No effect of HIV-1 NC protein on altering the efficiency of A3G deamination. The AccA set 2 open and stem oligonucleotides were incubated in the presence or absence of HIV-1 NC protein (concentration of 5 nt per NC protein). The change in relative fluorescence units (ΔRFU) was calculated for each experiment by subtracting the RFU from the control 293 cell lysates (baseline negative control) from the 293 cell lysates that stably express A3G. Error bars represent the standard deviation from three independent experiments.

It has been previously demonstrated that UDG excises uracil residues more efficiently from ssDNA than dsDNA (28), and that the excision of uracil from loops is inefficient. In order to confirm that the FRET signal differences observed with the target cytosine base for cytosine deamination by A3G is in a non-paired region, or in a stem, bulge or DNA loop is actually due to A3G activity and not to UDG, we synthesized oligonucleotides that contain uracil in these different locations. Figure 4 shows that UDG is readily able to excise the uracil residue in each of these positions, indicating that the differences that we have observed are due to A3G activity and not due to UDG.

Figure 4.

Figure 4.

UDG activity is undiminished on ssDNA secondary structures. The effect of uracil location in oligonucleotides was investigated. Four different oligonucleotides were used in which the target cytosine was replaced with a uracil that was located in a non-paired, stem, bulge or DNA loop region. The relative fluorescent units (RFU) from a uracil in the open, stem, three base loop and bulge location in the presence of UDG is shown. The average and standard deviation from three independent experiments is shown.

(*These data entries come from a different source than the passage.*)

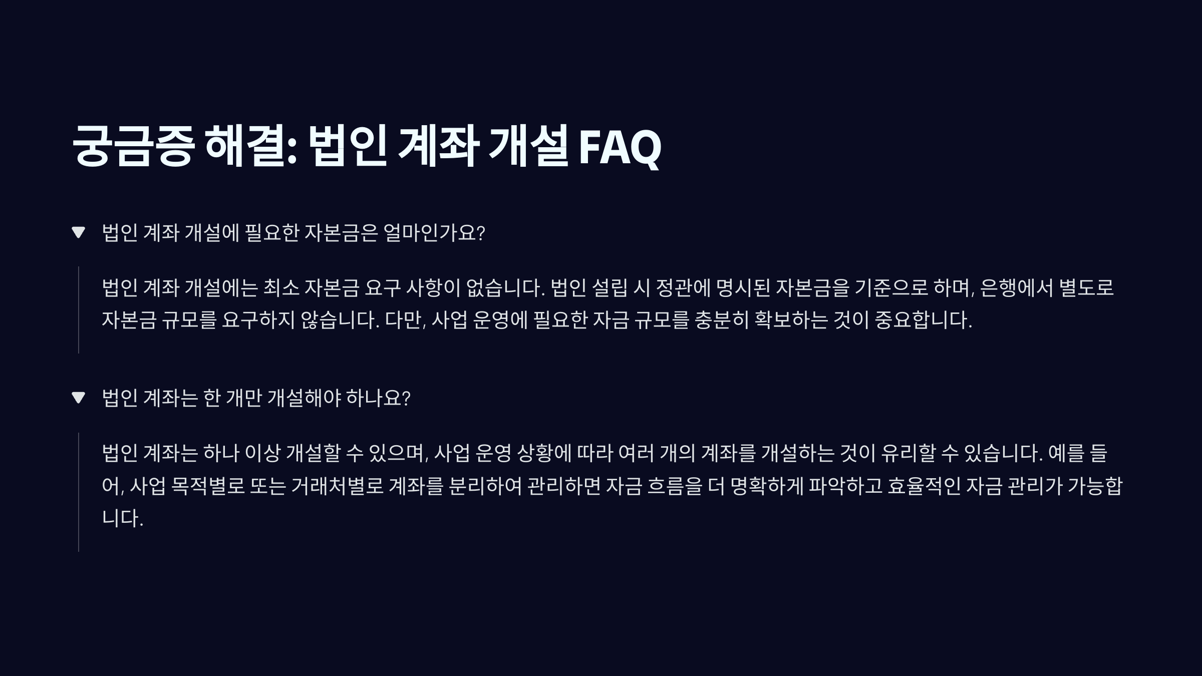 은행마다 법인 계좌 개설 시 요구하는 조건과 절차가 다릅니다. 일부 은행은 신규 법인의 경우 일정 기간 운영 내역이 있어야 계좌 개설을 허용하는 경우도 있으므로 미리 확인하는 것이 좋습니다.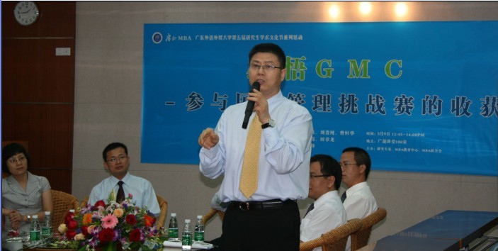 本网讯 5月9日下午,我校研究生学术文化节系列活动之主题为“感悟GMC——参与国际管理挑战赛的收获”的分享会在广晟讲堂举行。分享会由MBA联合会学习发展部部长09B班刘莹主持,特邀GMC挑战赛我校MBA领队老师马绍壮博士和09珠江队全体参赛队员作为嘉宾进行分享。MBA中心执行主任孙建军,办公室主任徐艺青,联合会主席王进宏,副主席扶艳芬参加了本次分享交流会。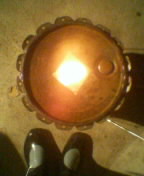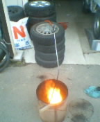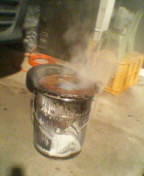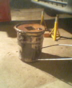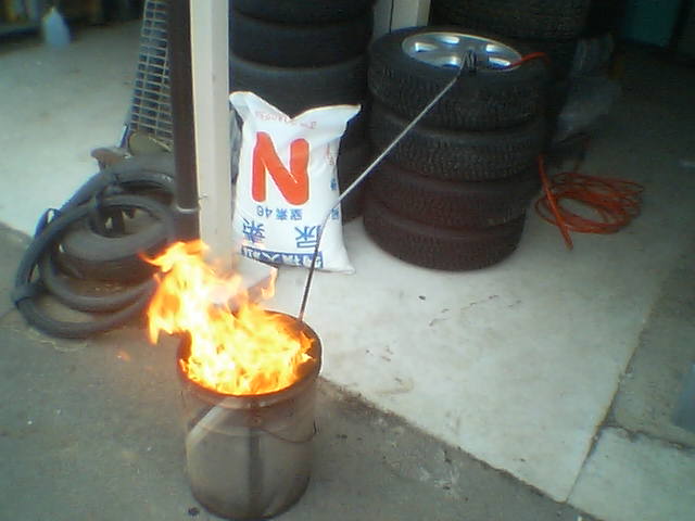 とりあえず廃油を燃やしてみる!ペール缶にコップ1杯ほどの廃油を流して点火、

Experimental confirmation of mFold ssDNA structural predictions

The oligonucleotides that were used in this study were selected in part based upon their having a single structural prediction in the mFold program (24). Specific parameters have been designed into the mFold program for ssDNA folding that were based upon NMR data generated with ssDNA sequences (29–34). In order to experimentally validate that these predictions for the oligonucleotides used in this study, a small subset were analysed that possessed DNA secondary structures that created restriction enzyme sites. Confirmation of the presence of these restriction sites would provide one line of experimental evidence in support of the structure predicted by the mFold program for oligonucleotide test. Oligo GccG set 1 stem, when folded, creates a Msp I restriction site that is not present in the non-folded version of the oligonucleotide. Figure 5a resulted in a strong FRET signal when oligonucleotide GccG set 1 stem was incubated in the presence of Msp I, but not when the non-folding version of the oligonucleotide (i.e., GccG set 1 open) was incubated with Msp I. This data suggest that the predicted structure for the GccG set 1 stem is correct. We conducted a similar analysis with GccG set 2 stem and GccG set 2 open, where the predicted folded structure for GccG set 2 stem resulted in the creation of an Aci I restriction site, which does not occur in GccG set 2 open (Figure 5b). Incubation of each oligonucleotide with Aci I lead to a strong FRET signal only with the GccG set 2 stem oligonucleotide, which also suggests that the structural predictions by mFold for the oligonucleotides used in this study are correct. Although this data support the proposed intramolecular structural predictions, it is formally possible that stable structures could also arise using the set 1 stem or set 2 stem oligonucleotides by the formation of intermolecular homodimers. For instance, the restriction enzyme analysis conducted above with Msp I and Aci I would not be able differentiate per se between a single intramolecular stem versus that of a intermolecular homodimer stem—though stem formation of the participating nucleotide bases would be confirmed.

Figure 5.

Figure 5.

Experimental confirmation of ssDNA secondary structures. Two sets of oligonucleotides with restriction enzyme sites in the stem oligonucleotide were used ((A) GCCG Set 2 Stem and GCCG Set 2 Open, and (B) GCCG Set 1 Stem and GCCG Set 1 Open). The stem bases in the structured oligonucleotides create an Aci I restriction site (A) or a Msp I restriction site (B). The oligonucleotides GCCG Set 2 Open and GCCG Set 1 Open did not fold to form the restriction enzyme sites and remained intact. The average and standard deviation from three independent experiments are shown.

DISCUSSION

The goal of this study was to investigate the determinants for A3G hotspots. To do this, we used an experimental model system in which we used oligonucleotides that were dual-labeled with TAMRA and FAM fluorophores. Lysates from cells stably expressing A3G were incubated with these oligonucleotides, and A3G activity was detected by FRET. Oligonucleotides were designed to test (i) the role of nucleotide bases adjacent to the cytosine dinucleotide target site that is critical for cytosine deamination; and (ii) the role of ssDNA secondary structure, including DNA duplexes, loop sequences and bulges.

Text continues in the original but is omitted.